In the listing below, find the line with "Nestled along the" and the line with "Tato dřevěná škrtací", then return them and every line between them exactly, minus the pictures.

[Dataset]

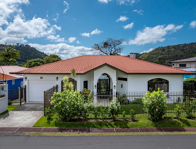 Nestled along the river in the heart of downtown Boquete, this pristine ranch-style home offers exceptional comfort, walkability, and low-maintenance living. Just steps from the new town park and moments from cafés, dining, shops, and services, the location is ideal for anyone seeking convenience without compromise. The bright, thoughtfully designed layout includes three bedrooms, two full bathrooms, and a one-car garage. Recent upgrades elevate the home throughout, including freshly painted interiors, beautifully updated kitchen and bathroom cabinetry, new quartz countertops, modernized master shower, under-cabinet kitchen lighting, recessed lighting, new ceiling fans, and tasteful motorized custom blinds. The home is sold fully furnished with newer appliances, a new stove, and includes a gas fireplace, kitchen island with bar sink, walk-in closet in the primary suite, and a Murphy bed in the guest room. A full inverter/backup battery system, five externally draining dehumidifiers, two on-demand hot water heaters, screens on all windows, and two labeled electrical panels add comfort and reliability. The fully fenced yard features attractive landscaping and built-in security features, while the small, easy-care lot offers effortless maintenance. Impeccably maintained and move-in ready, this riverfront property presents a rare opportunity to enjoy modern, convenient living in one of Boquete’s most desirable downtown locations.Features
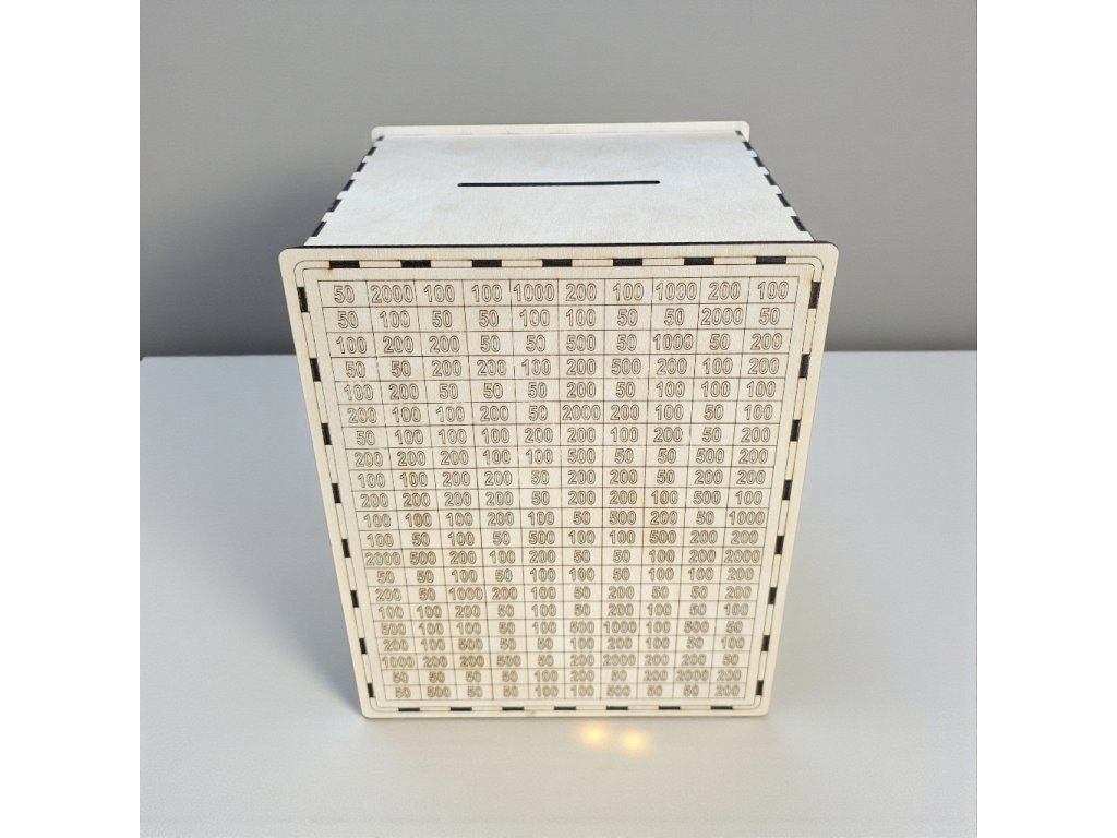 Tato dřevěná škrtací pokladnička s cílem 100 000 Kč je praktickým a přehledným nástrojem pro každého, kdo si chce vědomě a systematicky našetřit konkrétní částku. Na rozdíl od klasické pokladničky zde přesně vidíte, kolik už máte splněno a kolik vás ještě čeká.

[/Dataset]
[Dataset]

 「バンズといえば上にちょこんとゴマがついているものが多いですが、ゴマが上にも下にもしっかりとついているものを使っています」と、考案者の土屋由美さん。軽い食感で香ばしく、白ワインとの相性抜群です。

[/Dataset]

## Exercise result
 Nestled along the river in the heart of downtown Boquete, this pristine ranch-style home offers exceptional comfort, walkability, and low-maintenance living. Just steps from the new town park and moments from cafés, dining, shops, and services, the location is ideal for anyone seeking convenience without compromise. The bright, thoughtfully designed layout includes three bedrooms, two full bathrooms, and a one-car garage. Recent upgrades elevate the home throughout, including freshly painted interiors, beautifully updated kitchen and bathroom cabinetry, new quartz countertops, modernized master shower, under-cabinet kitchen lighting, recessed lighting, new ceiling fans, and tasteful motorized custom blinds. The home is sold fully furnished with newer appliances, a new stove, and includes a gas fireplace, kitchen island with bar sink, walk-in closet in the primary suite, and a Murphy bed in the guest room. A full inverter/backup battery system, five externally draining dehumidifiers, two on-demand hot water heaters, screens on all windows, and two labeled electrical panels add comfort and reliability. The fully fenced yard features attractive landscaping and built-in security features, while the small, easy-care lot offers effortless maintenance. Impeccably maintained and move-in ready, this riverfront property presents a rare opportunity to enjoy modern, convenient living in one of Boquete’s most desirable downtown locations.Features
 Tato dřevěná škrtací pokladnička s cílem 100 000 Kč je praktickým a přehledným nástrojem pro každého, kdo si chce vědomě a systematicky našetřit konkrétní částku. Na rozdíl od klasické pokladničky zde přesně vidíte, kolik už máte splněno a kolik vás ještě čeká.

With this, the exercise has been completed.